**AVAILABLE DATA**
--- START ---
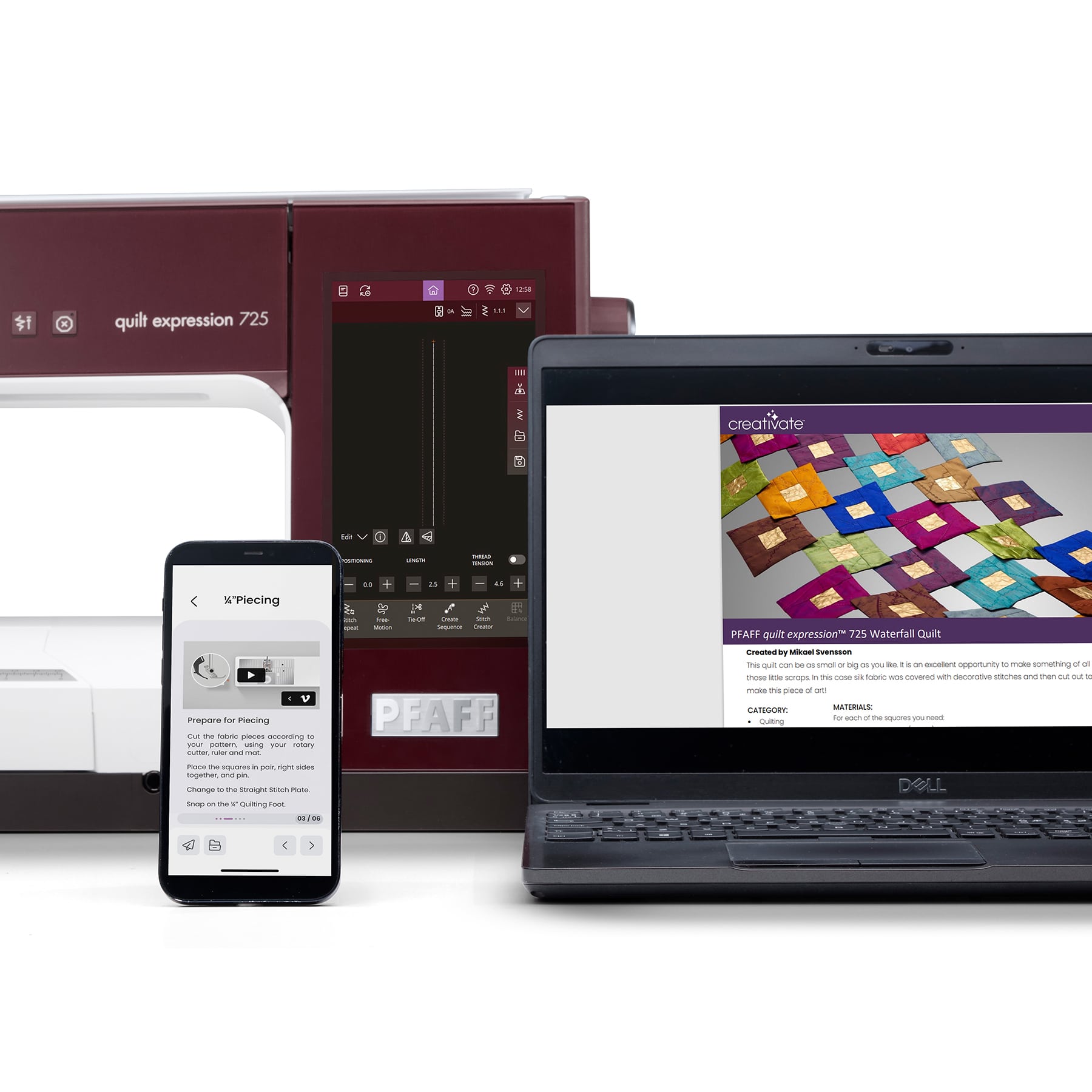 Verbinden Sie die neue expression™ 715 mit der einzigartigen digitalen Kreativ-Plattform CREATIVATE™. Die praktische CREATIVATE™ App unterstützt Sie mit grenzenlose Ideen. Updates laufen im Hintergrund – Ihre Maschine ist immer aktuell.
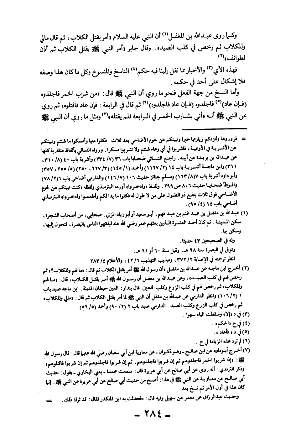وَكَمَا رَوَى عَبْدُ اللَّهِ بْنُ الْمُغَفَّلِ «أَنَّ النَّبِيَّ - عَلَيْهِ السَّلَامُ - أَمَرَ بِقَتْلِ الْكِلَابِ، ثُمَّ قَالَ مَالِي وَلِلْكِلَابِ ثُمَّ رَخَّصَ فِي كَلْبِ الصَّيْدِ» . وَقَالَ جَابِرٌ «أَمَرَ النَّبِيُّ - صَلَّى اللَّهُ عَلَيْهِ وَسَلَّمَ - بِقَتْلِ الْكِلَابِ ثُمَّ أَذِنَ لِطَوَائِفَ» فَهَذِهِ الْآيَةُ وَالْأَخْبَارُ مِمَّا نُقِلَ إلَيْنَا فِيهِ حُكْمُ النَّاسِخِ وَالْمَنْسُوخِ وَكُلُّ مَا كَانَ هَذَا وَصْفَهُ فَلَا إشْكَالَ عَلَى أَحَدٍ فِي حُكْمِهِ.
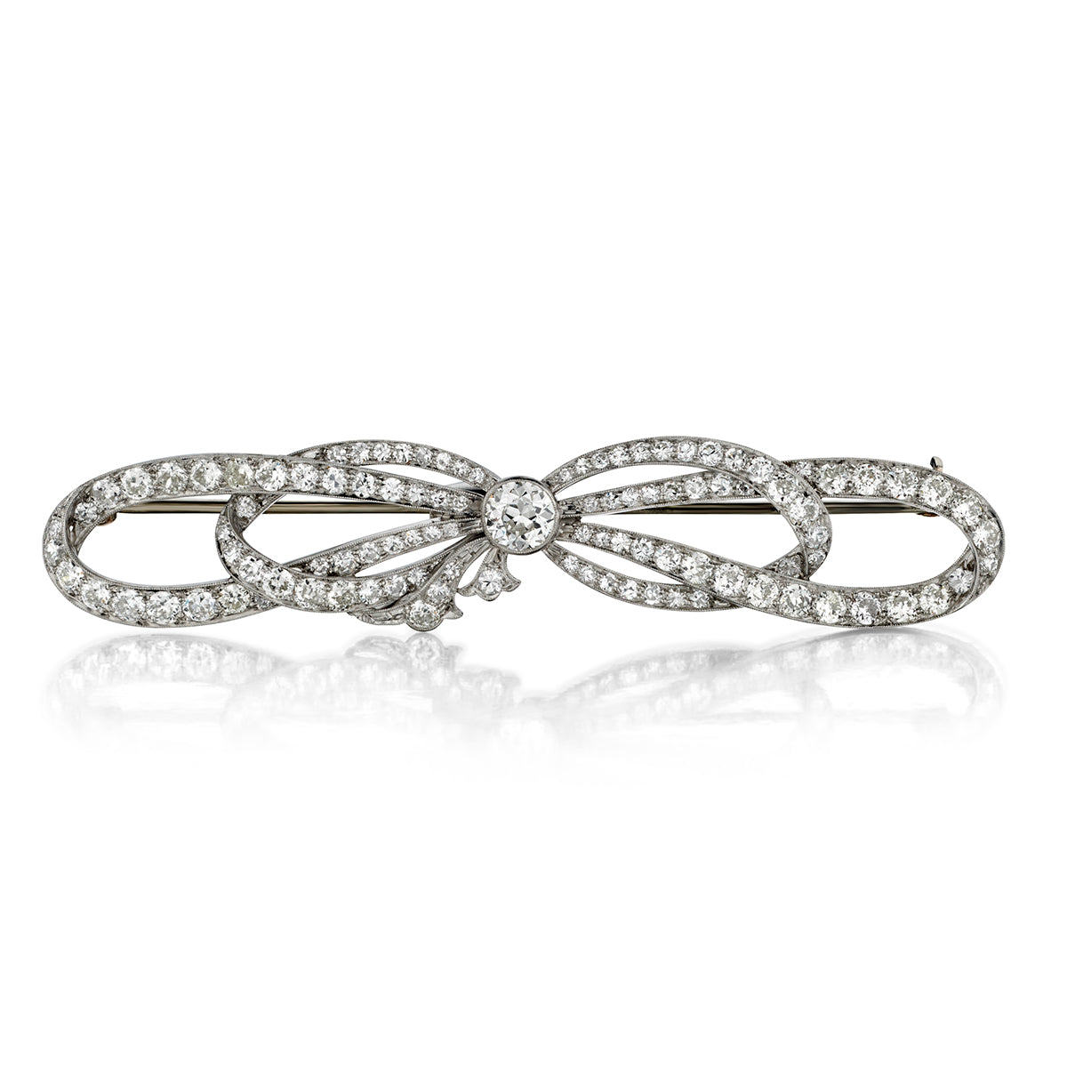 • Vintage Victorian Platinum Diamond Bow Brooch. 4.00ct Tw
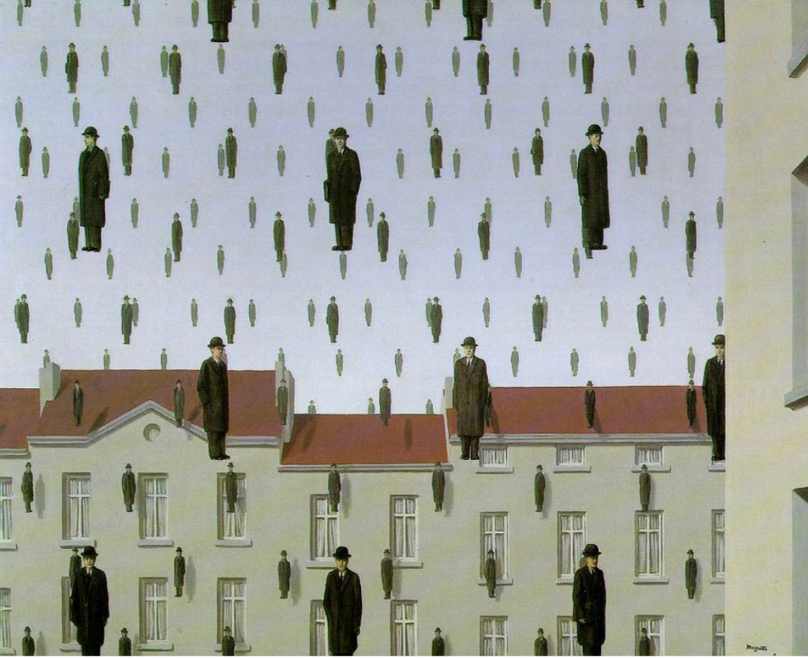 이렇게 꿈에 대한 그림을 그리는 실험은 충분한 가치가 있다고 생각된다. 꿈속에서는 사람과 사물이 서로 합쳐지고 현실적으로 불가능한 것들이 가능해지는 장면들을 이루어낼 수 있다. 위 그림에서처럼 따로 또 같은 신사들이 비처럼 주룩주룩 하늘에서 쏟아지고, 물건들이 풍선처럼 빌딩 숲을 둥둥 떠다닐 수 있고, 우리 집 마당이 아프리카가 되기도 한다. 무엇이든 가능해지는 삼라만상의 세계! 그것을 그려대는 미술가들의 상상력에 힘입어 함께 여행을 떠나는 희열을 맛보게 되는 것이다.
--- END ---
Where the line containing "Brooch. 4.00ct Tw" appears in the data above, begin there and output every line through the last, exactly and without pictures.

 • Vintage Victorian Platinum Diamond Bow Brooch. 4.00ct Tw
 이렇게 꿈에 대한 그림을 그리는 실험은 충분한 가치가 있다고 생각된다. 꿈속에서는 사람과 사물이 서로 합쳐지고 현실적으로 불가능한 것들이 가능해지는 장면들을 이루어낼 수 있다. 위 그림에서처럼 따로 또 같은 신사들이 비처럼 주룩주룩 하늘에서 쏟아지고, 물건들이 풍선처럼 빌딩 숲을 둥둥 떠다닐 수 있고, 우리 집 마당이 아프리카가 되기도 한다. 무엇이든 가능해지는 삼라만상의 세계! 그것을 그려대는 미술가들의 상상력에 힘입어 함께 여행을 떠나는 희열을 맛보게 되는 것이다.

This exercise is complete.